Come costruire un fondo di emergenza da zero
Avere da parte una somma destinata agli imprevisti è una di quelle cose che quasi tutti rimandano, spesso perché sembra un obiettivo lontano o perché non si sa da dove cominciare. In realtà non serve arrivare a una cifra precisa per iniziare a stare più tranquilli: anche un fondo di emergenza piccolo, costruito gradualmente, cambia il modo in cui si affronta un problema inatteso.
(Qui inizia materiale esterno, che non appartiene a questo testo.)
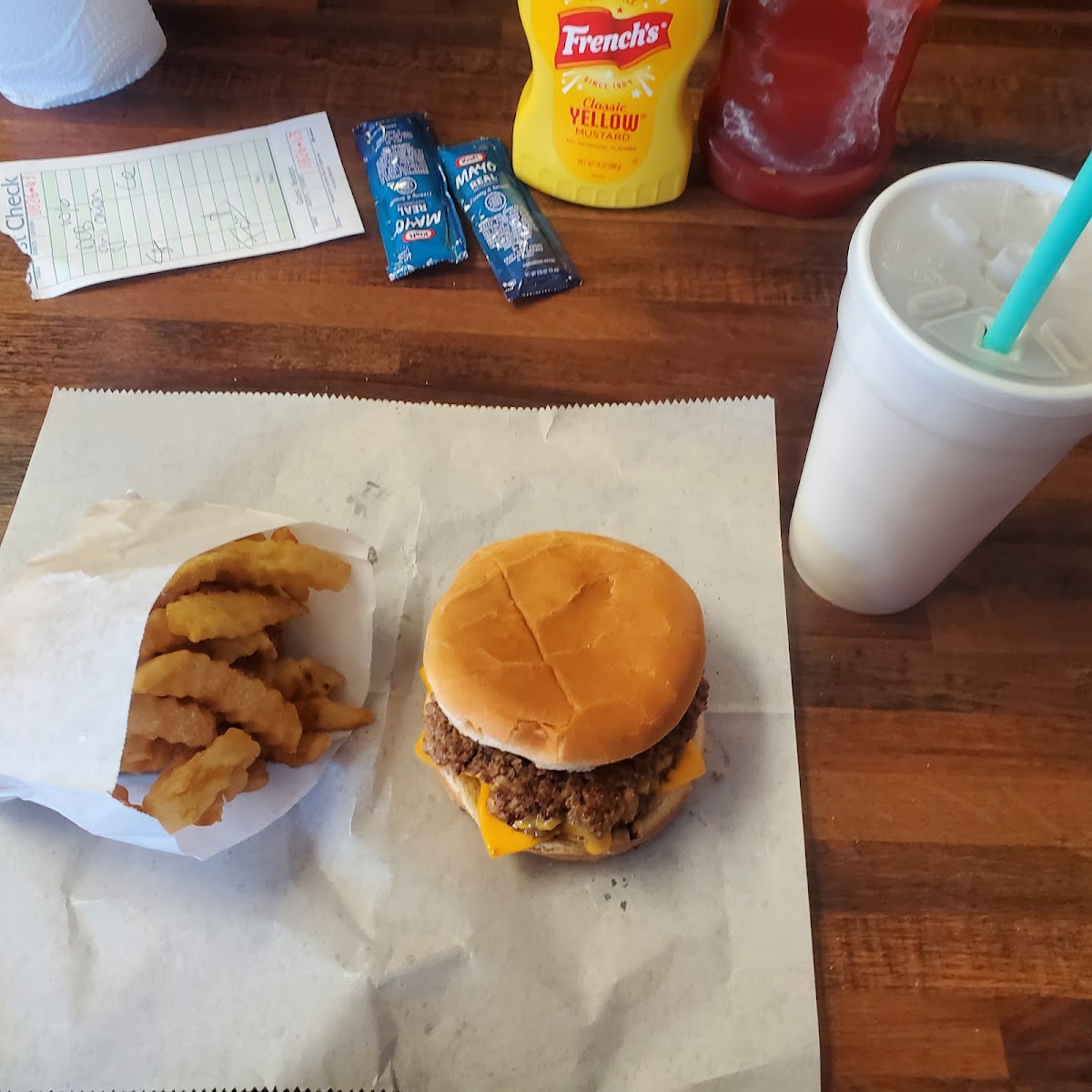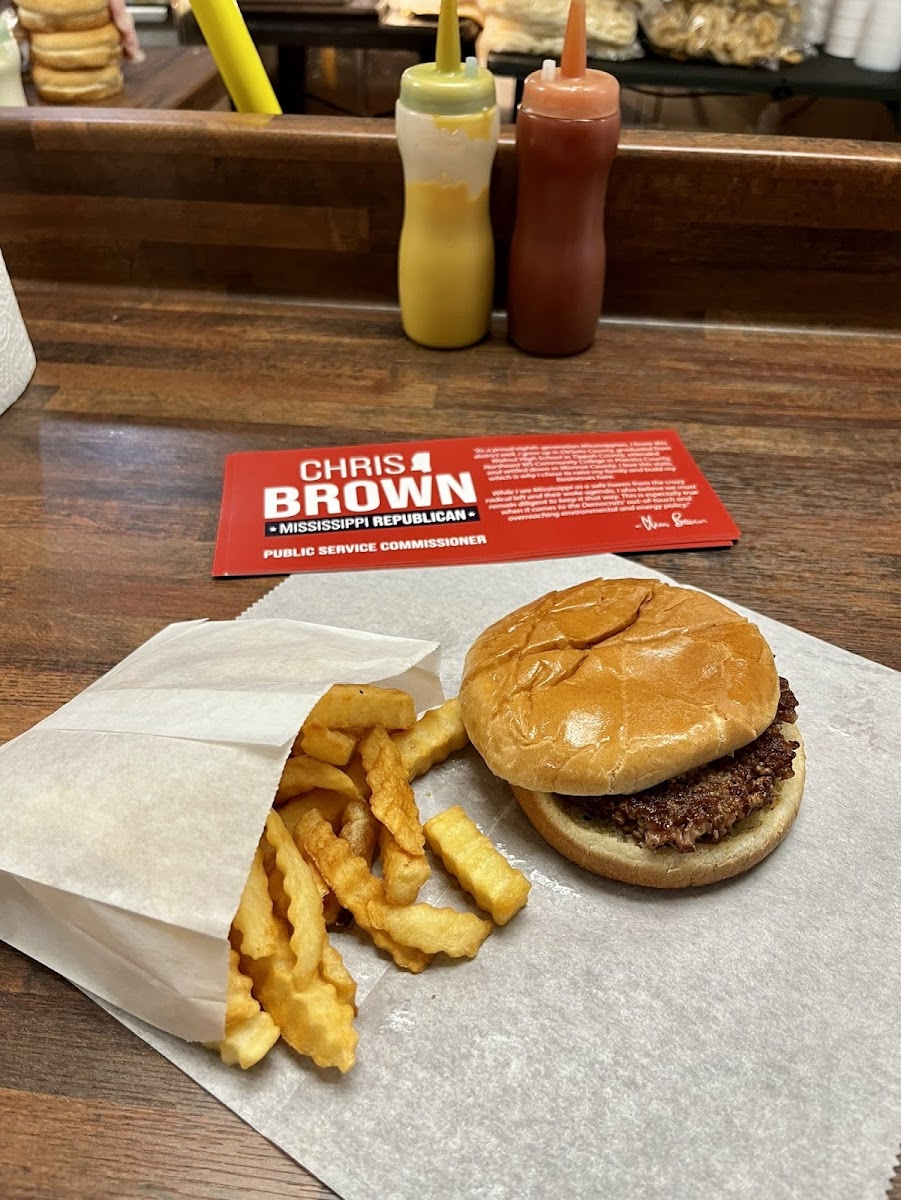 No menu. Was told just burger and fries. Online said they closed at 3pm but was locked in by 2 on Saturday. Even though I came in as they wanted to close, was still friendly and food was delicious.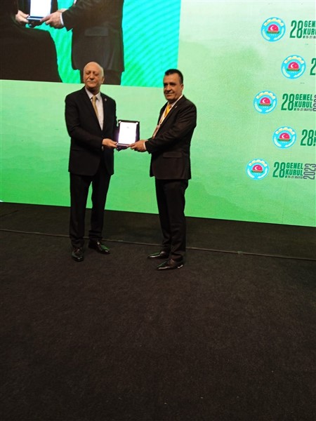 Türkiye Ziraat Odaları Birliği 28. Olağan Genel Kurulu için Ankara’ya giden Muş Ziraat Odaları Koordinasyon Kurulu Başkanı ve Malazgirt Ziraat Odası Başkanı Tahsin Kılıç, Malazgirt çiftçisine verdiği emek ve desteklerden dolayı Türkiye Ziraat Odaları Birliği Genel Başkanı Ş. Şemsi Bayraktar tarafından başarı plaketi ile ödüllendirildi.
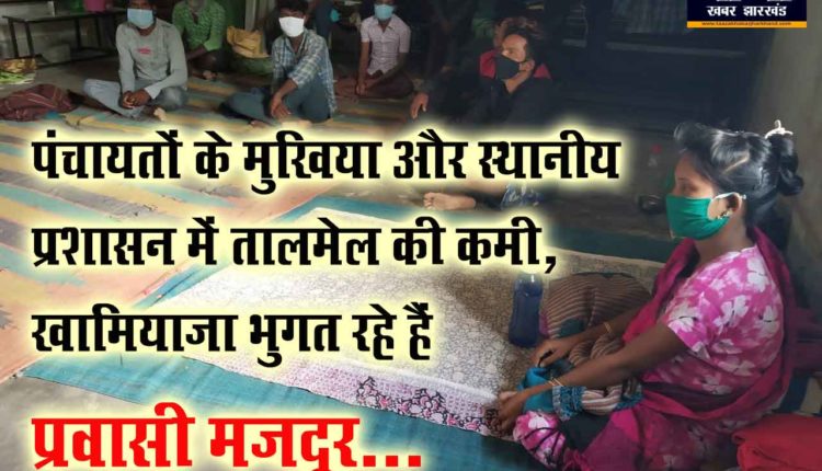 जिला प्रशासन के इस आदेश के बावजुद दूसरे प्रदेशों से झारखंड के विभिन्न पंचायतों में पहुंच रहे प्रवासी मजदूर या तो स्वयं ही गांव के स्कूल भवन में रह रहे हैं, या फिर अपने घर में ही हॉम क्वारंटीन पर हैं। यहां दोनों ही स्थिति में कोरोना संक्रमण का खतरा बढ़ता नजर आ रहा है। क्योंकि जो भी प्रवासी मजदूर स्कूल भवनों में शरण लिए हुए हैं उन्हें पूर्व में पंचायत की मुखिया द्वारा कोई सुविधा उपलब्ध नही करवाया गया, जिसके कारन इनके परिजन ही इन मजदूरों को हर सुविधा उपलब्ध करवा रहे हैं, यहां तक की भोजन भी। मजदूरों के परिजन लगातार मजदूरों के संपर्क में आ रहे हैं साथ ही ये मजदूर गांव के ही सामुहिक जल स्त्रोत का उपयोग कर रहे हैं, जो पूरे गांव वालों के लिए खतरे की घंटी है।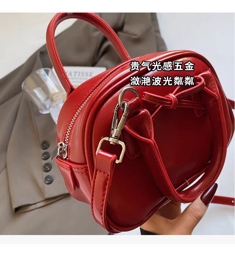 Túi đeo chéo nhỏ thời trang đa năng kiểu Hàn Quốc năm 2025, thiết kế độc đáo, nơ đỏ, kiểu bowling dành cho nữ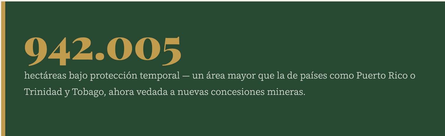 La finalidad de la medida es explícita y urgente: proteger la integridad ecológica, climática, hídrica y biocultural del macizo mientras se diseña una figura definitiva de conservación. La resolución tiene vigencia de dos años —o hasta que se adopte una categoría permanente de protección—, y en ese lapso ningún nuevo título minero, contrato de exploración o explotación podrá ser otorgado sobre el área delimitada.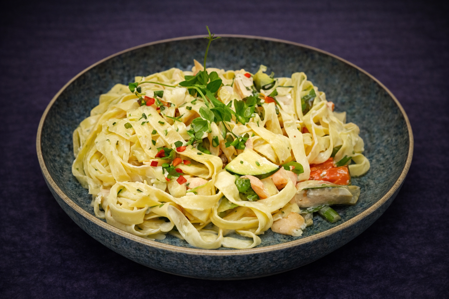 Fettuccine met huisgemarineerde zalm, roomsaus en verse groenten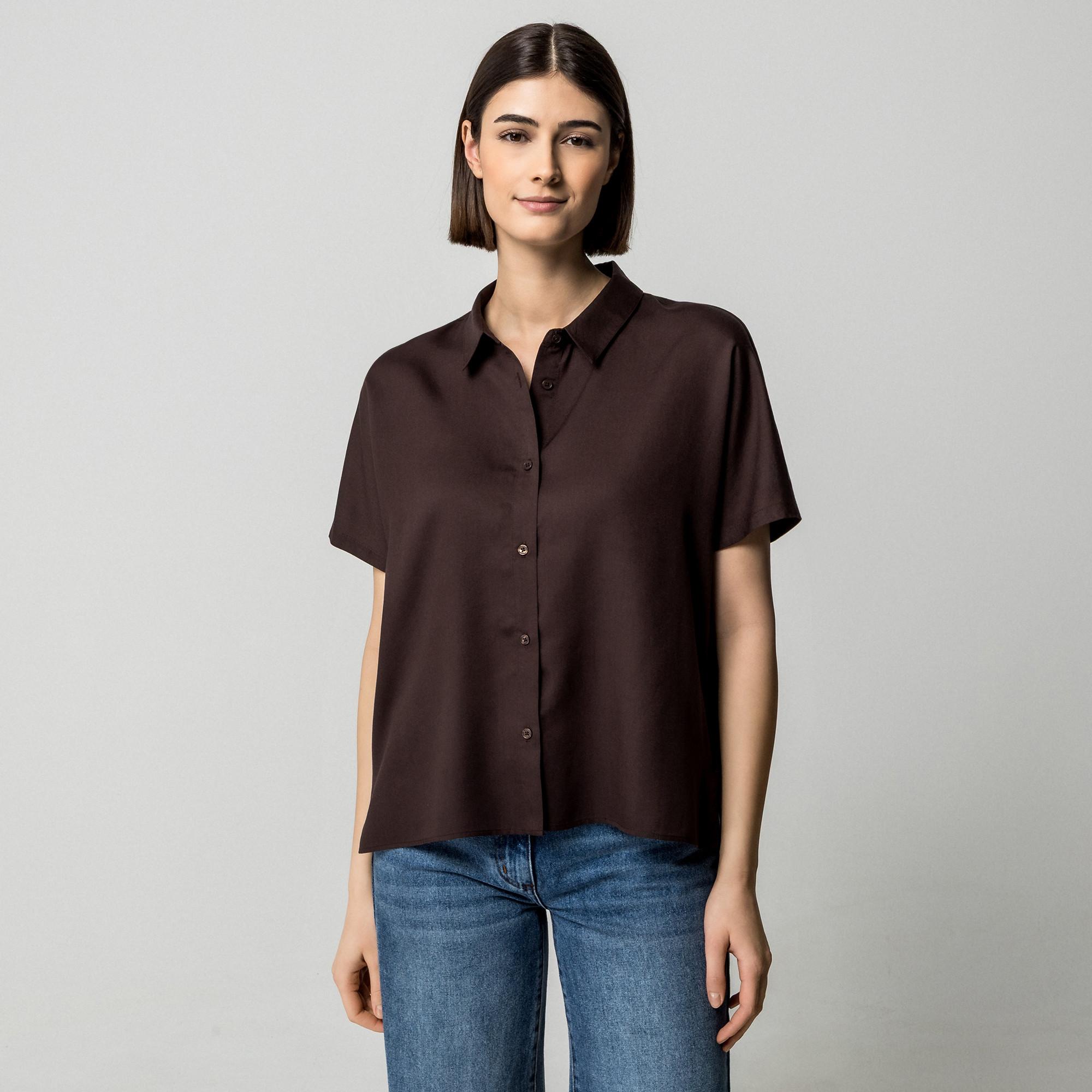 Questa camicetta a maniche corte offre un look intramontabile e alla moda. Presenta un colletto classico e un'abbottonatura a tutta lunghezza, rendendola un'aggiunta versatile a qualsiasi guardaroba.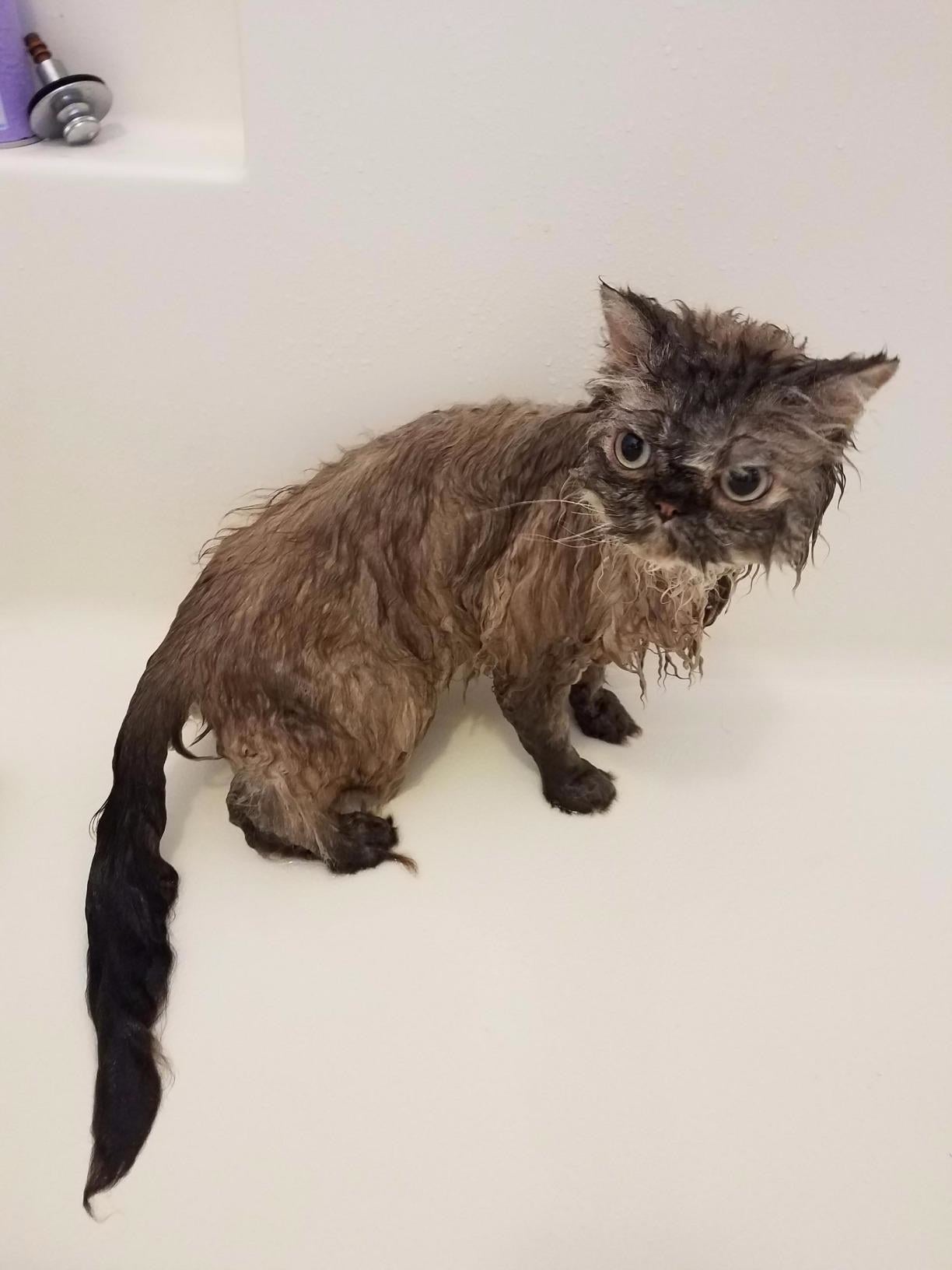 Promising review: "I love this product for my short hair Scottish fold! At first, I was skeptical because he sheds A LOT during the spring. His shedding decreased by half and his fur was left extra fluffy, after two uses! I love this product! The scent is great too, it’s sort of the generic scent for cat washes lol (I’m not sure how to explain the scent but if you know... YOU KNOW)." —Mia Allen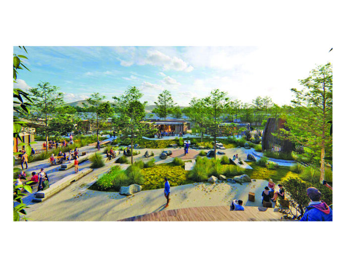 The commercial portion will have 14 separate structures organized around a series of gardens that would include areas for outdoor dining, a creek trail, musical performances and community activities.
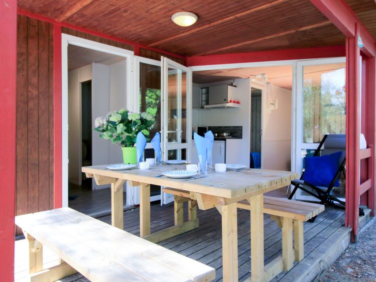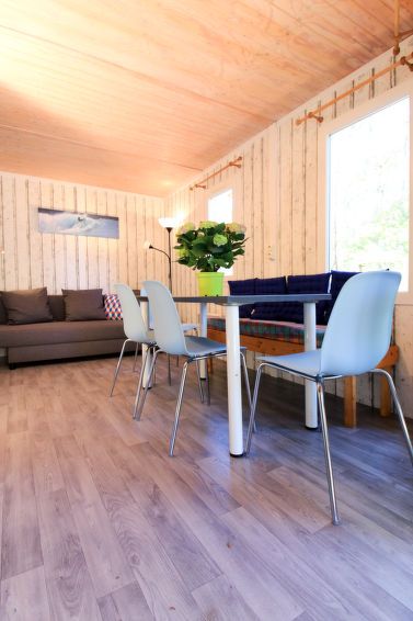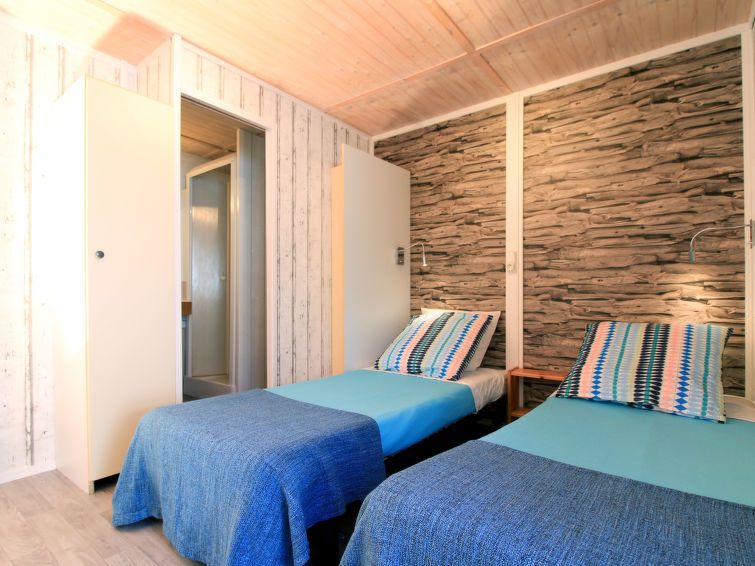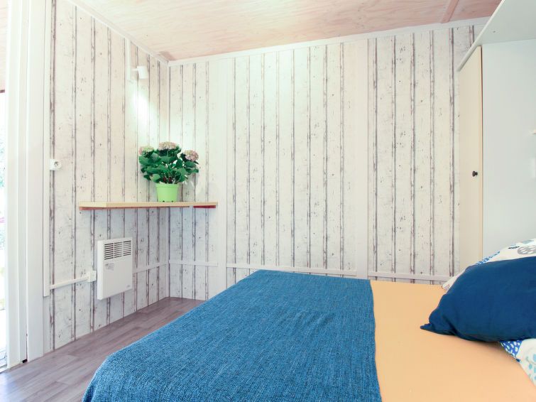 "Blue Océan Chalet Villa Premium", 3-room chalet 44 m2. Object suitable for 4 adults + 1 child. Practical furnishings: living/sleeping room with 1 double sofabed (70 cm, length 190 cm), dining table and TV. Exit to the terrace. 1 room with 1 french bed (160 cm, length 200 cm), shower/WC.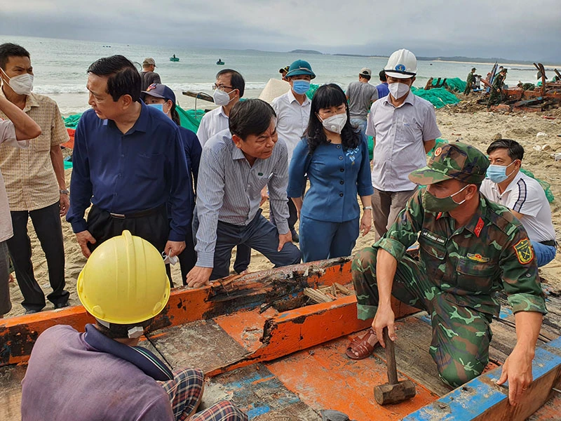 Thứ trưởng Nguyễn Hoàng Hiệp cùng đoàn công tác Ban Chỉ đạo quốc gia về phòng chống thiên tai đã đi thực tế kiểm tra thiệt hại về nuôi, đánh bắt thủy sản do sóng lớn, gió lốc gây ra tại xã An Hòa Hải, huyện Tuy An, tỉnh Phú Yên.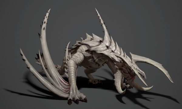 1.1 来自地狱的苍白使者,寒灭之潮的幕后主宰,拥有着统治级的力量,同时展现出了不亚于人类的智慧,在兽群中拥有极高的身份和威严,人类的最大危机即将到来。残留的幸存者报告表明黯骨龙通体灰白,块头不大,却对其他巨兽有着无形的压制力,周身骨刺嶙峋,巨大的骨刺尖全部呈现苍黯色。黯骨龙凌厉的攻击会扬起浓浓黑烟,动作迅猛而强劲,游骑兵精英也无法与其正面交战,被其黯化骨刺击中的游骑兵也会很快被黯色的不明物质覆盖,在黑雾中挣扎着死去,唯有那些强力游骑兵似乎可以借助自身攻击维持常态,不被黯骨侵蚀。黯骨龙之名正是源自这散播绝望的黯化之骨。
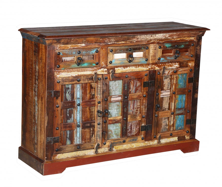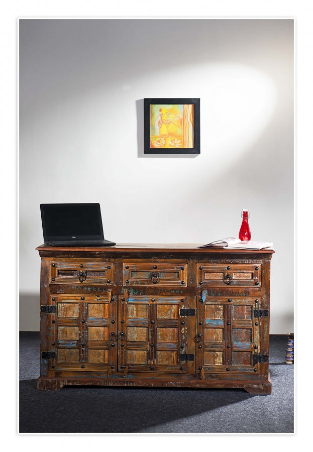 Entdecke die perfekte Symbiose aus Funktionalität und einzigartigem Design mit unserer Vintage Kommode, die sorgfältig aus massivem Altholz gefertigt wurde. Dieses exquisite Möbelstück, bereit, sofort in deinem Heim einen Platz zu finden, bietet mit seinen drei Schubladen und drei Türen genügend Stauraum für all deine Schätze und Alltagsgegenstände. Jede Kommode ist durch ihre individuellen Farbfronten ein echtes Unikat, das deinem Wohnraum Persönlichkeit und Charme verleiht.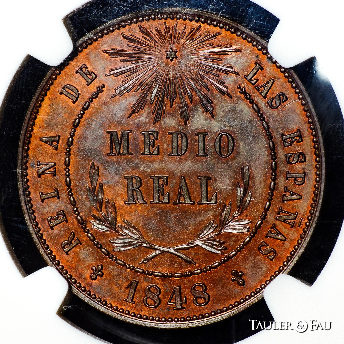 Isabel II (1833-1868). Medio real. 1848. Madrid. DG (Departamento de Grabado). (Cal-150). Ae. Magnífica prueba en cobre no adoptada con brillo original y un precioso color que acentúa su excelente atractivo visual. Canto estriado. Extremadamente rara y probablemente la mejor conocida.

Cos'è il fondo di emergenza e a cosa serve
Il fondo di emergenza è una somma di denaro liquida, separata dal resto dei propri risparmi, pensata per coprire spese impreviste o per sostenere le spese ordinarie in un periodo in cui le entrate si riducono o si interrompono. Non è un investimento e non è un risparmio per un obiettivo futuro: è una riserva di protezione.
La sua utilità principale è evitare di dover prendere decisioni affrettate sotto pressione. Senza liquidità disponibile, un'emergenza porta spesso a soluzioni costose: prelevare con la carta di credito, chiedere un prestito, liquidare un investimento nel momento sbagliato. Con un fondo adeguato, si ha il tempo e la calma per valutare le opzioni.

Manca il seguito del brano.